- Dataset content
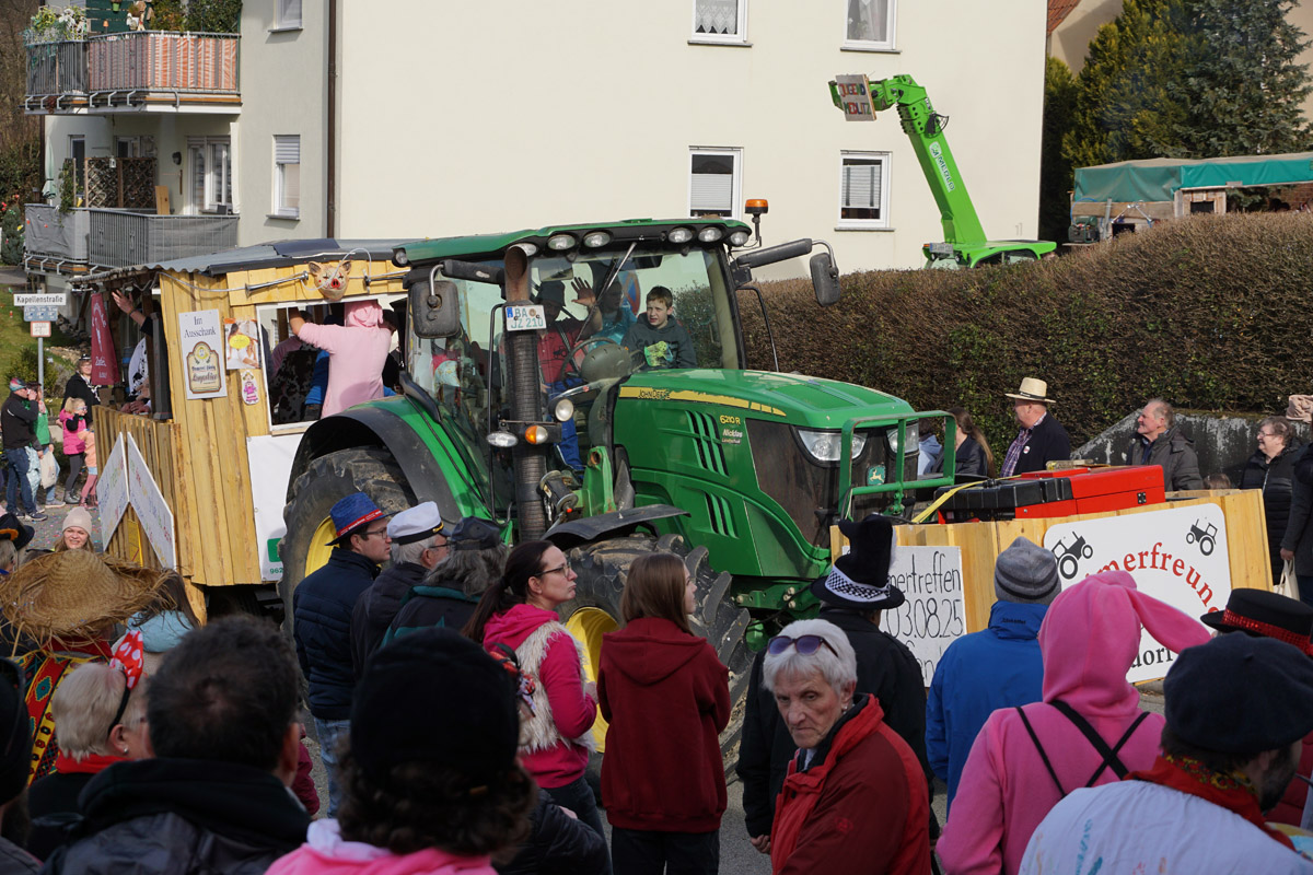 Auch Gäste konnte Moderator Georg Gunzelmann, der nach mehr als zehn Jahren Pause wieder am Mikrofon stand, begrüßen. Die Laafer Junga aus Lauf, die Feuerwehr sowie die Oldtimerfreunde Zapfendorf, die Fränkischa Rauschküh aus Reckendorf, die Feuerwehr Rattelsdorf, die Jugend aus Medlitz sowie Gerüstbau Müller aus Rattelsdorf. Insgesamt kam der Umzug damit dieses Jahr auf 31 Gruppen. Andreas Schuster, erster Vorsitzender der Faschingsvereinigung Unteroberndorf, hatte auch noch eine interessante Zahl mit dabei: Mehr als eine halbe Tonne Süßigkeiten wurden für den Umzug zum Auswerfen eingekauft. Das entspricht einer ganze Palette voller Süßigkeiten …
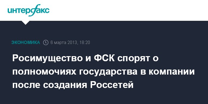 Росимущество и ФСК спорят о полномочиях государства в компании после создания Россетей
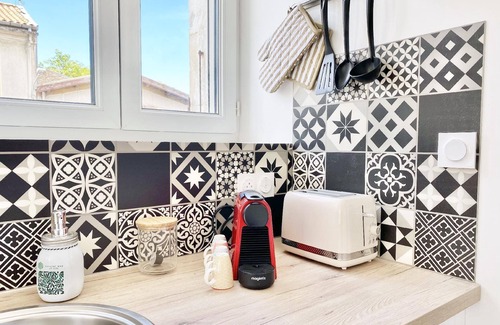 160 cm bed with high comfort mattress, Linen provided (sheets, towels and kitchen towels), Fully equipped kitchen to cook like at home (dishwasher, induction hob, microwave-grill, Nespresso, kettle...), Comfortable dining area, Free high-speed Wi-Fi, 104 cmTV with Netflix, Office area, Bathroom with large walk-in shower, Secure building with digicode, Independent entrance and exit (code lock)

- Assigned task
Pictures should not appear in the copy. Write out exactly the lines above from the first one through the line that contains "Росимущество и ФСК".

- Response area
 Auch Gäste konnte Moderator Georg Gunzelmann, der nach mehr als zehn Jahren Pause wieder am Mikrofon stand, begrüßen. Die Laafer Junga aus Lauf, die Feuerwehr sowie die Oldtimerfreunde Zapfendorf, die Fränkischa Rauschküh aus Reckendorf, die Feuerwehr Rattelsdorf, die Jugend aus Medlitz sowie Gerüstbau Müller aus Rattelsdorf. Insgesamt kam der Umzug damit dieses Jahr auf 31 Gruppen. Andreas Schuster, erster Vorsitzender der Faschingsvereinigung Unteroberndorf, hatte auch noch eine interessante Zahl mit dabei: Mehr als eine halbe Tonne Süßigkeiten wurden für den Umzug zum Auswerfen eingekauft. Das entspricht einer ganze Palette voller Süßigkeiten …
 Росимущество и ФСК спорят о полномочиях государства в компании после создания Россетей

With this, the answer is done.